Processing mining structures: A mining structure gets data from an external data source, as defined by the column bindings and usage metadata, and reads the data. This data is read in full and then analyzed to extract various statistics. Analysis Services stores a compact representation of the data, which is suitable for analysis by data mining algorithms, in a local cache. You can either keep this cache or delete it after your models have been processed. By default, the cache is stored. For more information, see How to: Process a Mining Structure.
Processing mining models: A mining model is empty, containing definitions only, until it is processed. To process a mining model, the mining structure that it is based on must have been processed. The mining model gets the data from the mining structure cache, applies any filters that may have been created on the model, and then passes the data set through the algorithm to detect patterns.
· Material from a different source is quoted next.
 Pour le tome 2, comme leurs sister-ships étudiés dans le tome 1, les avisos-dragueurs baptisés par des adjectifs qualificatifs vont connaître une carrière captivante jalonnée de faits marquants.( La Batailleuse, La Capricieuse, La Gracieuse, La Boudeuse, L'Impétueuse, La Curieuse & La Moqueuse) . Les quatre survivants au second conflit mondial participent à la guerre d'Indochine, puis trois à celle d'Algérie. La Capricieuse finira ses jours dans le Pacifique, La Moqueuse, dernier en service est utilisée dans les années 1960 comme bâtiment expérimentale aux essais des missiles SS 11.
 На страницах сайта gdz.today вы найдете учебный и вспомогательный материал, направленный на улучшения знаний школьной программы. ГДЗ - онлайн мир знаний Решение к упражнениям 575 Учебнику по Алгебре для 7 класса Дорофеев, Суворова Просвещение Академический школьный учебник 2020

After the model is processed, the model stores only the results of processing, not the data itself. For more information, see How to: Process a Mining Model.
The following diagram illustrates the flow of data when a mining structure is processed, and when a mining model is processed.
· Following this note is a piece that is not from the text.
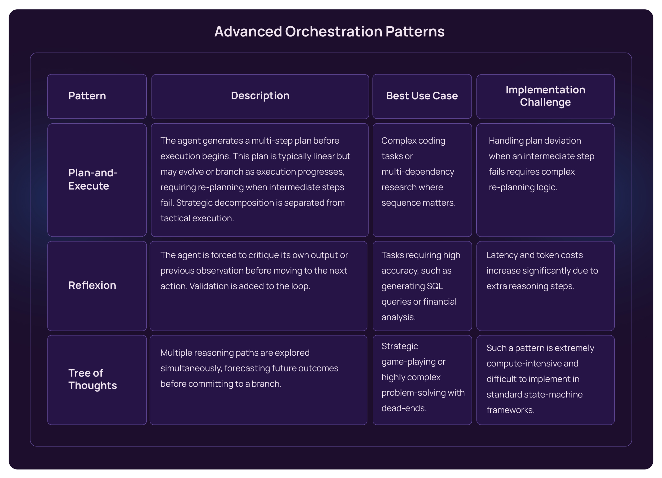 For complex, multi-step tasks, a simple reactive loop proves inefficient as the agent effectively feels its way through the dark. Advanced patterns separate planning from execution and introduce self-correction.

Queries on the Relational Store during Processing
There are three phases to processing: querying the source data, determining raw statistics, and using the model definition and algorithm to train the mining model.
The Analysis Services server issues queries to the database that provides the raw data. This database might be an instance of SQL Server 2008 or an earlier version of the SQL Server database engine. When you process a data mining structure, the data in the source is transferred to the mining structure and persisted on disk in a new, compressed format. Not every column in the data source is processed: only the columns that are included in the mining structure, as defined by the bindings.
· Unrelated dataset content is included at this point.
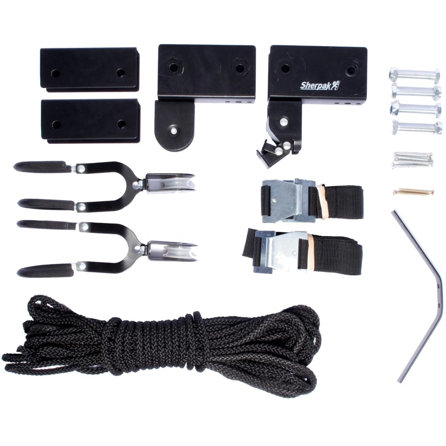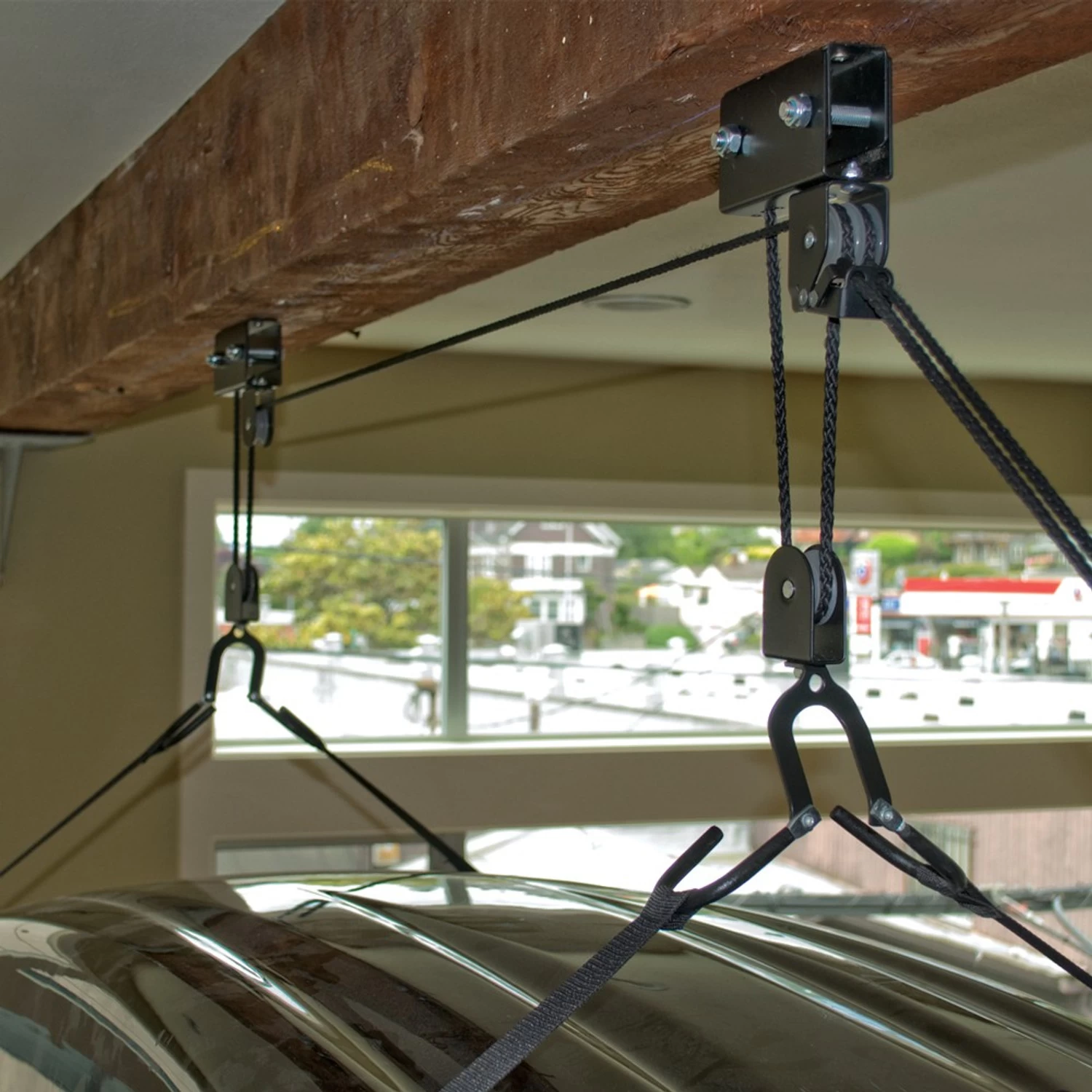 - Use this heavy-duty pulley and rope system to suspend and store bikes, storage boxes or boats up off the floor.

Using this data, Analysis Services builds an index of all data and discretized columns, and creates a separate index for continuous columns. One query is issued for each nested table to create the index, and an additional query per nested table is generated to process relationships between each pair of a nested table and case table. The reason for creating multiple queries is to process a special internal Online Analytical Processing (OLAP) cube. You can limit the number of queries that Analysis Services sends to the relational store by setting the server property, DatabaseConnectionPoolMax. For more information, see OLAP Properties.
When you process the model, the model does not reread the data from the data source, but instead gets the summary of the data from the mining structure. Using the cube that was created, together with the cached index and case data has been cached, the server creates independent threads to train the models.
In SQL Server Enterprise, all processing takes place in parallel. In SQL Server Standard, processing is serialized.
Viewing the Results of Processing
After a mining structure has been processed, it contains a compact representation of the data for use in statistical analysis. If the cache has not been cleared, you can access the data in this cache in the following ways:
Creating a Data Mining Extensions (DMX) query on the model and drilling through to the structure. For more information, see SELECT FROM <model>.CASES (DMX).
Browsing a model based on the structure, and using one of the options in the user interface to drill through to structure cases. For more information, see Viewing a Data Mining Model, or How to: Drill Through to Case Data from a Mining Model.
Creating a DMX query on the structure cases. For more information, see SELECT FROM <structure>.CASES.
After a mining model has been processed, it contains only the patterns that were derived from analysis, and mappings from the model results to the cached training data. You can browse or query the model results, called model content, or you can query the model and structure cases, if they have been cached.
The model content for each mining model depends on the algorithm that was used to create it. For example, if one model is a clustering model and another is a decision trees model, the model content is very different even though the models use exactly the same data. For more information, see Mining Model Content (Analysis Services - Data Mining).